Tree Ensembles
Combining multiple decision trees to improve accuracy and stability
Decision trees are intuitive and easy to interpret, but they tend to overfit—performing well on training data but poorly on unseen data. Tree ensembles solve this problem by combining multiple trees.
Ensemble Learning
Ensemble learning combines predictions from multiple models to produce better results than any single model. Just as a group of people can make better decisions together, a group of models can produce more accurate and stable predictions.
Every model has error from its limitations and from randomness in training data. Training multiple models that make slightly different mistakes allows those errors to cancel out. This is the core idea behind ensemble learning—using diversity among models to improve performance.
Bagging (Bootstrap Aggregation)
Bagging is the most common ensemble technique for decision trees. Here's how it works:
- Bootstrap sampling: Create multiple datasets by randomly sampling from the original data with replacement (some examples appear multiple times, others not at all)

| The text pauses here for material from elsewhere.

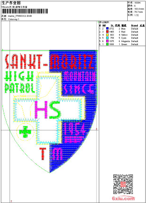 - emb花版参数: 大小:441.00 KB / 尺寸:80*103[毫米] / 针数:10384针 / 线色:6 / 格式:emb / 版本:9

- Train models: Train a decision tree on each dataset
- Aggregate predictions:
- Classification: Majority vote across all trees
- Regression: Average of all predictions
Why bagging works:
- Decision trees are high-variance models—small data changes create very different trees
- Averaging many trees trained on slightly different data reduces this instability
- The result is a smoother, more consistent model
Bagging works best with unstable models like decision trees. Stable models like linear regression don't benefit much because their predictions barely change between samples.
Out-of-Bag (OOB) Samples
Because bootstrap sampling leaves out about one-third of data points for each tree, these unused points serve as a built-in validation set. This is called out-of-bag evaluation.
Advantages:
- No separate validation set needed
- Efficient use of all data
- Free performance estimate during training
Random Forest
Random Forest extends bagging by adding feature randomness. Instead of considering all features at each split, each tree only looks at a random subset of features. This forces trees to be more diverse, further reducing variance.
For a comprehensive guide on Random Forest, including feature randomness, hyperparameters, tuning strategies, and feature importance, see Random Forest.
Other Tree Ensemble Methods
Beyond Random Forest, other popular tree ensemble methods include:
- Gradient Boosting: Sequentially trains trees that correct previous errors (XGBoost, LightGBM, CatBoost)
- AdaBoost: Adapts by focusing on misclassified examples
- Extra Trees: Uses random splits instead of optimal splits for even more diversity
Each method balances bias and variance differently, with different strengths for various problems.